The bottom line is that some people question whether or not aducanumab works. In 2020, in fact, an advisory board of experts unanimously agreed (10-to-0) that aducanumab should not be approved as effective against Alzheimer’s disease. A year later, it was approved anyway.
Aducanumab is also expensive, initially costing about $4,312 per infusion or about $56,000 annually. Biogen has since lowered its cost to $28,800 annually.
Early in 2022 the board governing new medications in the European Union denied the request for Aducanumab to be marketed and sold to the public. They claimed the studies were not convincing in the effectiveness of the drug since Phase 3 had one trial failure and one success. Japanese officials followed suit and denied the approval based on Phase 3 studies not proving Aducanumab’s medical benefit.
New medications start with FDA approval, and then get priced by its manufacturer, and then insurance companies determine coverage. Medicare has set precedence of paying for all approved FDA drugs. However, the problem with Aduhelm boils down to money. Aduhelm was projected to have a large effect on Medicare’s spending due to its high price and large number of patients who qualify for treatment with mild to moderate Alzheimer’s symptoms. By conditionally providing coverage of the drug only in trials, it will make it accessible to thousands of people instead of the millions it was estimated to help.
Aducanumab’s journey through the FDA approval process was a mix of promising developments and setbacks until its approval in June 2021. It was then announced that Aducanumab (brand name Aduhelm) had been approved by the Food and Drug Administration under the “accelerated approval” designation, and the drugmaker Biogen said it expected Aduhelm to be available in more than 900 doctor’s offices beginning the same month.
Accelerated approval is for drugs that can help with serious illnesses but also need more study. Even though Aduhelm is available to people with Alzheimer’s disease whose doctors believe it will help (and can administer the infusions in their offices), another phase (Phase 4) of trials is still ongoing.
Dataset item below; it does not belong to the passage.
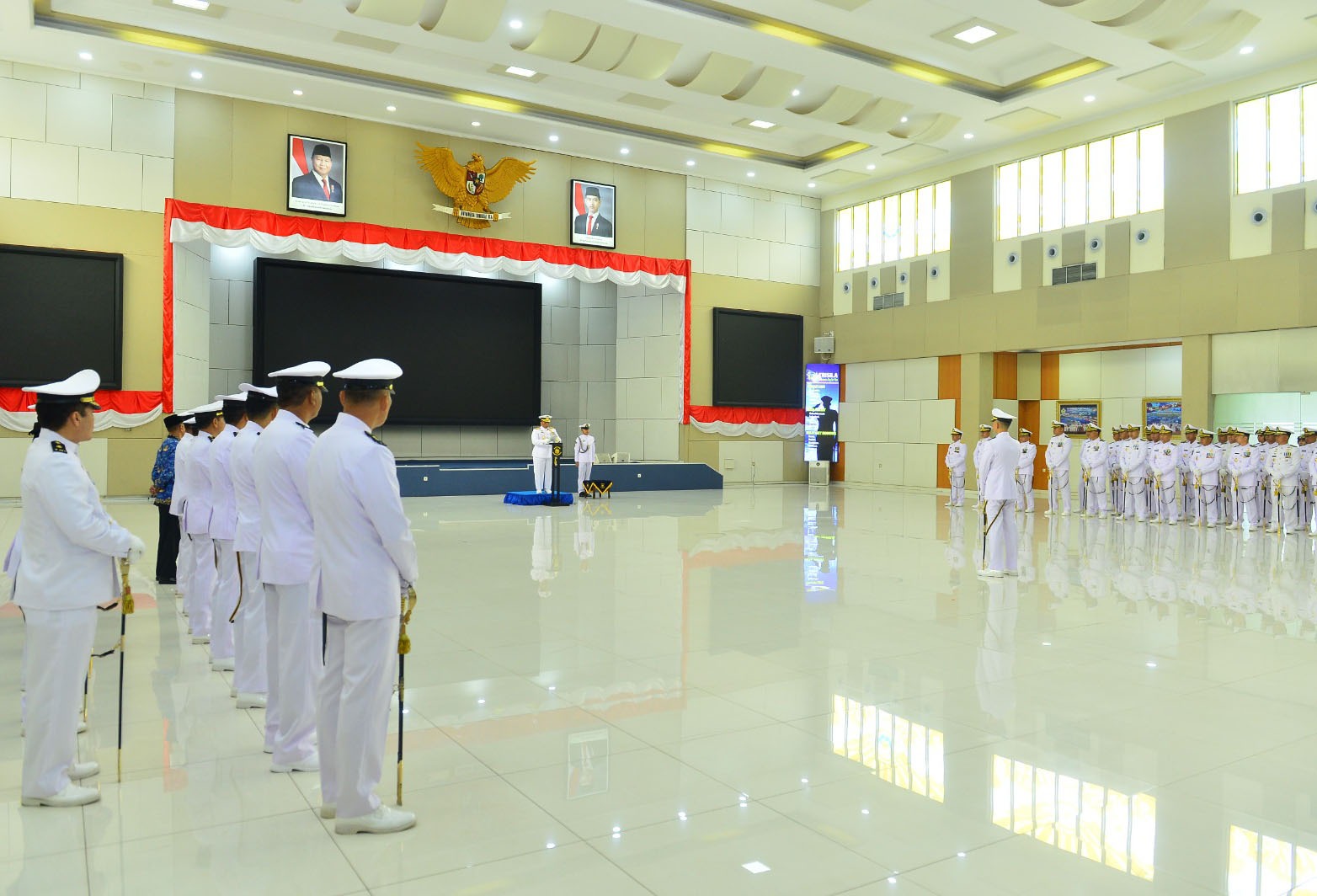 Komandan Sekolah Staf dan Komando Angkatan Laut (Danseskoal) Laksamana Muda TNI Ariantyo Condrowibowo diwakili Wadan Seskoal Laksamana Pertama TNI Dr. Ferry Supriady, S.T., M.M., M.Tr.Opsla., CIQaR. selaku Inspektur Upacara (Irup) memimpin upacara peringatan Hari Dharma Samudera tahun 2026, bertempat di auditorium Jos Soedarso Seskoal, Cipulir, Kebayoran Lama, Jakarta Selatan, Kamis (15/01/2026).

May 2022 is the start date. Biogen, the maker of Aducanumab, was given 9 years to complete the trials. Phase 4 will take four years to complete. If there is not more evidence in this phase that aducanumab is effective for treating symptoms of dementia, the drug might be pulled off the market.
The road to get to this step, has been a roller coaster for the drug developer Biogen. At one point, the company fully declared that testing would end, and then changed its mind. Aducanumab made it to Phase 3 before an announcement that testing had been halted. More than 3,000 patients were part of the trial, but after about 1,700 patients completed 18 months of treatment, Biogen said its researchers determined that statistical modeling (a “futility analysis”) showed the drug wouldn’t work well enough for FDA approval.
When more subjects completed the 18-month treatment, however, and a larger set of data was available, Biogen announced that findings were actually more promising. When assessments of progress in more than 3,000 subjects could be fully analyzed, benchmarks like their scores on the Mini-Mental State Exam (used to measure severity of thinking problems caused by Alzheimer’s) showed improvement compared to those who took a placebo. Also, brain scans showed a reduction in amyloid beta. The FDA approved the resumption of Stage 3 trials early in 2020.